Day-trading yesterday? Corey shows how to spot intraday trend reversals: he watches price, tick, breath and momentum divergences. Here’s how. – Ilene
Massive Internal Divergences Predict Intraday Trend Reversals
Courtesy of Corey Rosenbloom at Afraid to Trade
Using today’s price action so far as an example, let me walk you inside the price action for April 30, 2009 in the SPY to discover that massive TICK, Breadth, and Momentum divergences all formed, clueing you in that a price reversal was far more likely than price continuation. Let’s walk through the market internals quickly to see how knowledge of this concept could have led to profits.
Let me walk you through this chart step-by-step so you can make the most of it.
The main idea to learn is that a TICK and Breadth divergence formed as price made weak new highs, and the doji reversal candles at the highs – complete with TICK, Breadth, and Momentum (not shown) Divergences all signaled a powerful low-risk short-selling opportunity that was irresistible.
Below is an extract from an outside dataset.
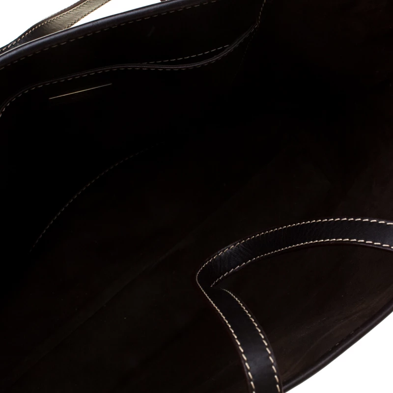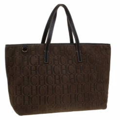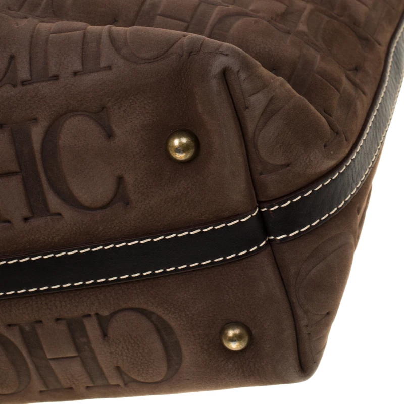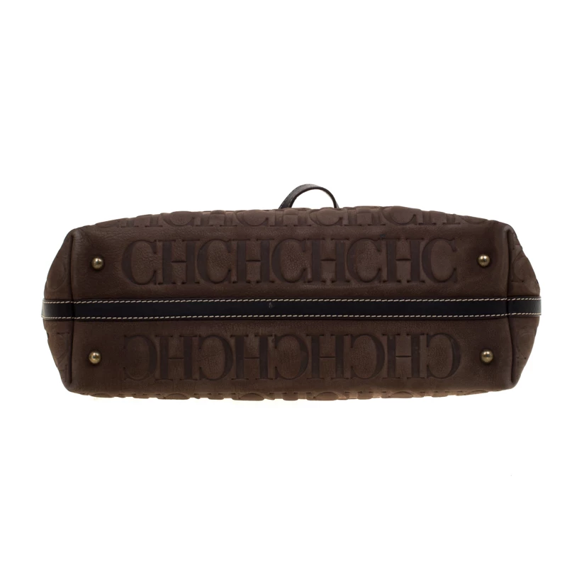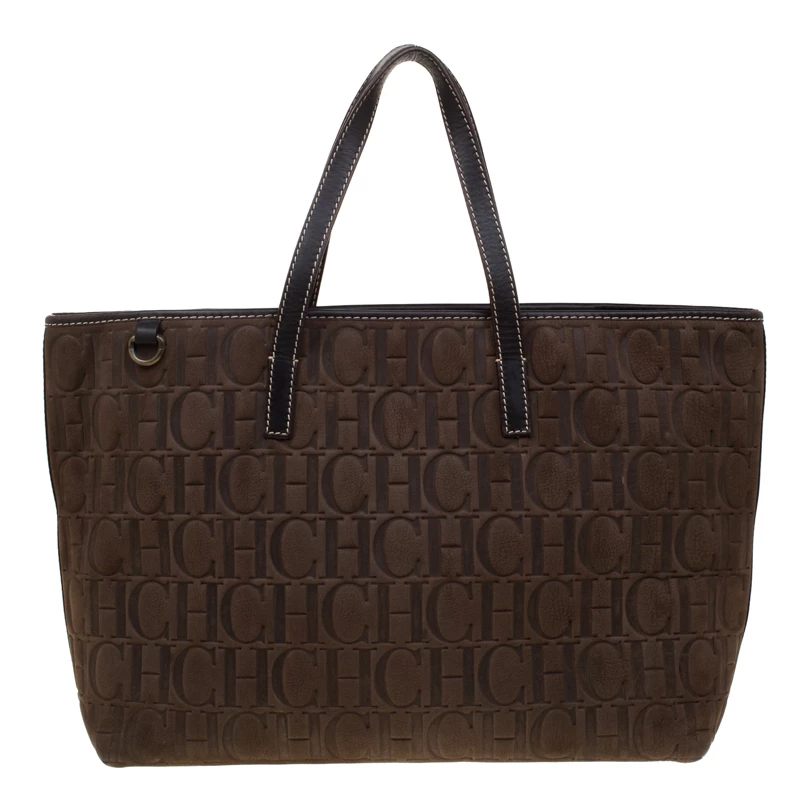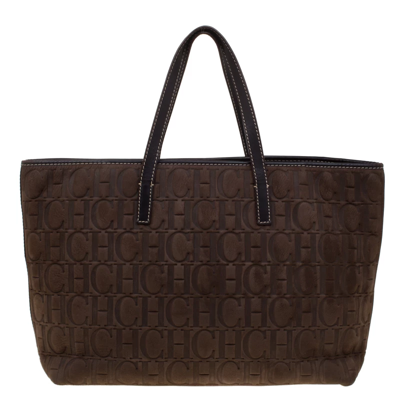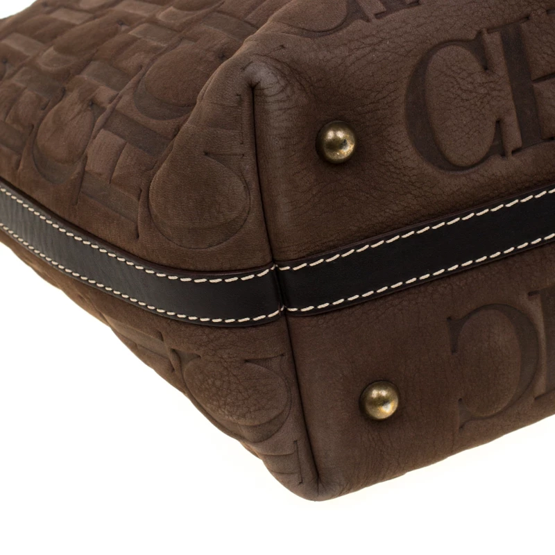 Carolina Herrera brings you this tote that is a perfect balance of elegance and practical utility. It is crafted from Monogram embossed nubuck and leather in a brown hue. It has a well-sized Alcantara interior and the bag is completed with two top handles and protective metal feet.

To show this, let me explain the functions on the chart. We’re looking at the 1-min SPY (S&P 500 ETF). Underneath (in blue) I’m showing the TICK (number of advancing stocks on an uptick at the moment minus number of declining stocks on a downtick). On the third line, I’m showing just the Number of NYSE Declining Stocks ($DECL) – usually you look at this in conjunction with the Net Advancing Stocks ($ADV) but the hidden signal came from the advancing stocks remaining the same but there was a steady ebb upwards in the number of stocks that switched to declining on the day – that’s what I want to show).
Finally, I’m showing the classic Breadth, which is the ’spread’ using the formula $ADV minus $DECL (or number of advancing stocks positive on the day minus the number of declining stocks negative on the day).
Moving right along, price began the morning with an overnight gap (not shown as to focus on the chart scaling – I cut off the first few opening 1-min bars), so people assumed underlying strength in the market and most likely ‘went long.’ Price did continue its trek higher, breadth slightly expanded, and the TICK registered a marginal high at 10:15 EST. The SPY traded at $88.90.
Price swung back down for the next hour and then made a new high on the day at $89.00.
However, look very closely at the Market Internals. At the same time price made a new swing high above its $88.90 morning high, the following took place:
The TICK registered a lower high reading than the morning (1015 at the morning high vs 672 for the absolute high of the day)
The $DECL Decliners line registered a higher reading (more stocks were down on the day at the afternoon high than the morning high… the morning high saw 507 stocks down on the day while the afternoon high saw 593 stocks down on the day – almost 100 stocks were now trading lower on the day than the were when the SPY made a prior intraday high)
The Breadth (spread) line registered a lower reading than the morning high. The “Breadth” line in the morning high showed a positive value of 1,870 difference in ADV and DECL while the afternoon $89.00 high showed a breadth difference of 1,780 – again, almost 100 stocks different)
The 3/10 Momentum Oscillator (not shown) also registered a higher low, carving in a negative momentum divergence on the 11:20am high.
Taken together, the “Weight of the Evidence” showed odds overwhelmingly favored for a downward move rather than an up-move. Or stated differently, the 11:20am high was not confirmed by strength as indicated by the Market Internal readings. Such non-confirmations and divergences almost always result in actual price reversals.
Take time after the close to study your charts so that you’ll see more of these developments in real-time as they occur – and know what to look for in advance as the day progresses.